A batch verification without any exponentiations is insecure:
https://www.mii.lt/Informatica/pdf/INFO197.pdf

I think the conclusions here are kinda correct, but do not quite buy the proof:
http://h.web.umkc.edu/harnl//papers/1998%20J2.pdf

In other words, one could batch verify signatures sigma_i with messages m_i by
checking that
sum_i FDH_N(m_i)^{c_i} mod N = (sum_i sigma_i^{c_j})^e mod N
except the c_i are random 64 bit numbers, while e is maybe as small as 16 bits,
so this make everything slower!

I wonder however if using 8 bit c_i but checking this equation 8 times might be
secure.  Again that’s slower, but we can parallelize to do doublings only once,
which might improve performance when checking say 16+ coins.

In this article, Fiat suggests using different (e,d) pairs for each message:
https://link.springer.com/content/pdf/10.1007%2F0-387-34805-0_17.pdf
We cannot do this exactly because it’d break anonymity.
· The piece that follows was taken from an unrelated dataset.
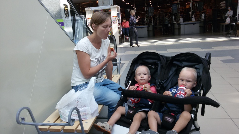 Прогулки с малышами...спросил проходящий мимо дядька,увидев нас, сидящих и жующих после беготни по парку,на скамеечке в тц."Вот так прям,не смотрите в кадр!Вам же самой интересно потом будет!)))".Я согласилась... Неее,больше так не буду))))
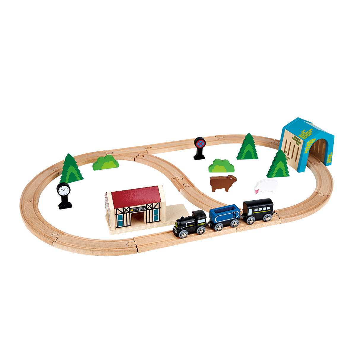 ヨーロッパの山岳地方の農村をイメージしたセット。ヨーロッパ式の電車に針葉樹やひつじ・牛も入っています。

We can however have denomination public keys (e_i,N) and private keys (d_i,p,q)
where N = p q is constant for all denominations and only the e_i d_i = 1 mod
(p-1)(q-1) differ between denominations.

Could we then aggregate verifications for coins with different denominations?
sum_i FDH_{N,e_i}(m_i) mod N = sum_i sigma_i^{e_i} mod N
I’ve not quite found any good security proof for this aggregation scheme.
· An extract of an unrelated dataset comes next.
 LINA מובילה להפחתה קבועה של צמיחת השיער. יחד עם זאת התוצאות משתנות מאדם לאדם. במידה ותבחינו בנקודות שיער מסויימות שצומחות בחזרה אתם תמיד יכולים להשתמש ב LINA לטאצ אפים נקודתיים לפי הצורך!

It likely break anonymity if wallets do this because the exchange can surely
issue sigma_i that verify when aggregated but not when checked individually.

It may however be secure for the exchange to verify signatures in this way, and
maybe even for the merchant, but remember our security rests on the RSA known
target inversion assumption.  i have not found any security proof I really
believe even under standard RSA assumptions.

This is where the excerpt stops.